=== Section Start ===
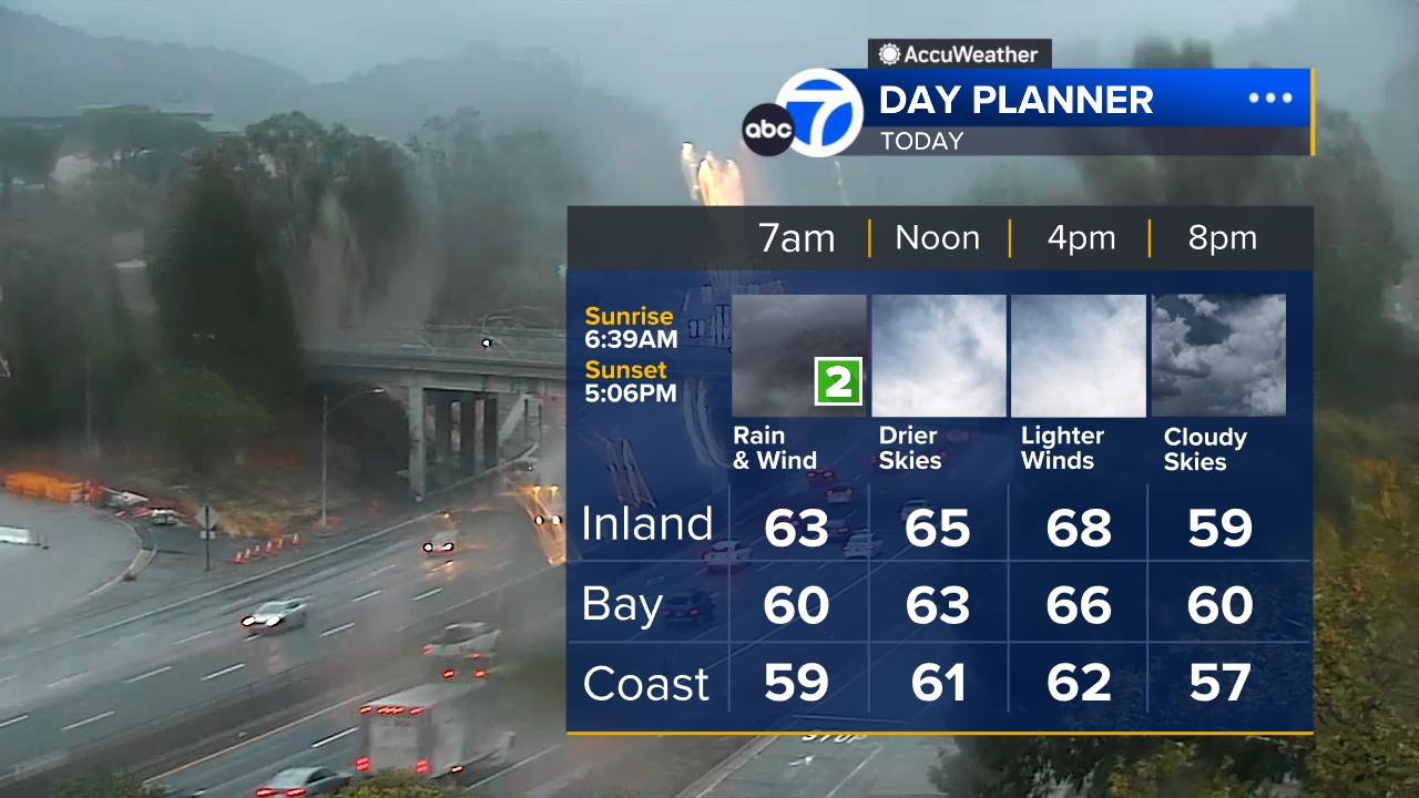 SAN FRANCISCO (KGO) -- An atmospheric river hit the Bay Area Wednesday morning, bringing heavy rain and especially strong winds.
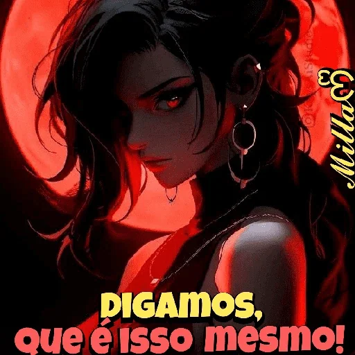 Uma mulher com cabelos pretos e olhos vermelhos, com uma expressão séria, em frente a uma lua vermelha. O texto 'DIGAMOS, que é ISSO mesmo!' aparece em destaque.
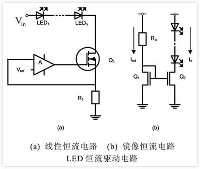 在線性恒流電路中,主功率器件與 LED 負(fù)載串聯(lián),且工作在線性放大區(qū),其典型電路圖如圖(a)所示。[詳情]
=== Section End ===
## TASK STATEMENT
Starting at the line that holds "Uma mulher com" and stopping at the last line of the listing above, write out each line exactly as it appears, and omit the pictures.

## PROBLEM SOLUTION
 Uma mulher com cabelos pretos e olhos vermelhos, com uma expressão séria, em frente a uma lua vermelha. O texto 'DIGAMOS, que é ISSO mesmo!' aparece em destaque.
 在線性恒流電路中,主功率器件與 LED 負(fù)載串聯(lián),且工作在線性放大區(qū),其典型電路圖如圖(a)所示。[詳情]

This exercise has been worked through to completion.